И все же transit umbra[41 - Часть известного латинского выражения «Transit umbra lux permanent» – «Свет проходит через тень постоянно».]. Подозреваю, что эта антикризисная команда здесь не задержится. В прошлом триместре у нас в учительской как-то даже возник разговор о том, что подобные команды редко работают в той или иной школе дольше одного учебного года. Как только заканчивается бумажная (простите, компьютерная) возня с документами, они стремятся поскорей перебраться на новое пастбище, а преподавателям остается лишь вновь доказывать, сколь мало соотносится реальная жизнь с миром подобных «модернизирующих» выдумок.
Выдумок? Ну нельзя же создать хорошую школу на основе голых теорий, на продукции всевозможных «мыслительных центров» и форумов! Любой приличный школьный учитель это понимает и соответствующим образом преподносит и свой предмет, и свой образ. В былые времена мы, преподаватели, хорошо умели обращаться с «низшей стихией». И нам отнюдь не требовалась какая-то особая политика, чтобы разъяснить мальчикам, что нехорошо терроризировать тех, кто слабее тебя, что нужно быть вежливым и стараться вести себя как истинные джентльмены. Тогда, правда, практически не было никаких «мыслительных центров», никаких курсов и семинаров «по модернизации школы» и, разумеется, никаких «гуру по борьбе с насилием». И применение одной-единственной формулы – точнее, одной-единственной латинской фразы – могло разрешить любые случайности, любые противоречия между учениками и учителями.

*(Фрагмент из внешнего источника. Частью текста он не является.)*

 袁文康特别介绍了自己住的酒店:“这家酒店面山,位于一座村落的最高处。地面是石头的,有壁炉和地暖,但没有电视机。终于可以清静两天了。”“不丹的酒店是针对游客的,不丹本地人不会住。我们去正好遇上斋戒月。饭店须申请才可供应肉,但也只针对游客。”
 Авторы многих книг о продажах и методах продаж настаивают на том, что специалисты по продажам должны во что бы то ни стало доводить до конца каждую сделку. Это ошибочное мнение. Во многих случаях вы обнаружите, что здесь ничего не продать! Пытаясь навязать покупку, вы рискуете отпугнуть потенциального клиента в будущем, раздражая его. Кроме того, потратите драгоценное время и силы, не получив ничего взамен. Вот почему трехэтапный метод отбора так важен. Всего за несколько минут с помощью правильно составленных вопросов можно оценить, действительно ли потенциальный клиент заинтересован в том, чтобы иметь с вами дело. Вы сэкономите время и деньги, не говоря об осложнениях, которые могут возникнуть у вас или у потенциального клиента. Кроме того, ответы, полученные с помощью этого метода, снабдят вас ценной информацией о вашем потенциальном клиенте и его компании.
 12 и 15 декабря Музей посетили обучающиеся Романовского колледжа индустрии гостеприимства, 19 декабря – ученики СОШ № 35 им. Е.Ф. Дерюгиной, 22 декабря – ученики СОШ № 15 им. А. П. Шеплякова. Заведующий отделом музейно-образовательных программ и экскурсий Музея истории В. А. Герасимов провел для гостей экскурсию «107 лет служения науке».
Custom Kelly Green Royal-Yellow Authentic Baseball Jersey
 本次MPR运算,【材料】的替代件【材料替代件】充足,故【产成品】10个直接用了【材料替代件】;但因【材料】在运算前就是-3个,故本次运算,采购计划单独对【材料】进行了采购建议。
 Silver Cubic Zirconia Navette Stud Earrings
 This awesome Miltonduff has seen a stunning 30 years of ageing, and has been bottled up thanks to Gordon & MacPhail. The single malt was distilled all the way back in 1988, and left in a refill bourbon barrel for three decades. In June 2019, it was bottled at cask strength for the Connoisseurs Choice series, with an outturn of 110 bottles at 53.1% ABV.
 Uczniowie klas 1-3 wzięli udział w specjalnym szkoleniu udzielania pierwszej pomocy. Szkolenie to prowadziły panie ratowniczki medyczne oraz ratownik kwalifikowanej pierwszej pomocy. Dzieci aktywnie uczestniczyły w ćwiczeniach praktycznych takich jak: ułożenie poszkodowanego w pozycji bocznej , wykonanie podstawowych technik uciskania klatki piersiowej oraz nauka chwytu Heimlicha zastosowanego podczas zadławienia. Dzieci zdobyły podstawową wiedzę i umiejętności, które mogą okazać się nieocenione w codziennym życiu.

In loco parentis[42 - «На месте родителей» (лат.).]. Для нас это обычно означало: «Действуй так, как поступили бы разумные родители». Теперь же вряд ли кто-то понимает, что означают эти слова. И потом, большинство нынешних родителей можно назвать какими угодно, только не разумными. Мало того, они зачастую не только неразумно себя ведут, но и откровенно сутяжничают, или кичатся своими титулами, или, наоборот, проявляют излишнюю доверчивость, или же сразу занимают оборонительную позицию и начинают грубить учителям; в общем, они прямо-таки одержимы желанием во что бы то ни стало полностью окупить те деньги, что затрачены ими на образование ребенка. И тут, пожалуй, наш новый директор прав, когда пытается доказать, что их теперь уже не стоит воспринимать как родителей учеников – теперь это просто наши клиенты.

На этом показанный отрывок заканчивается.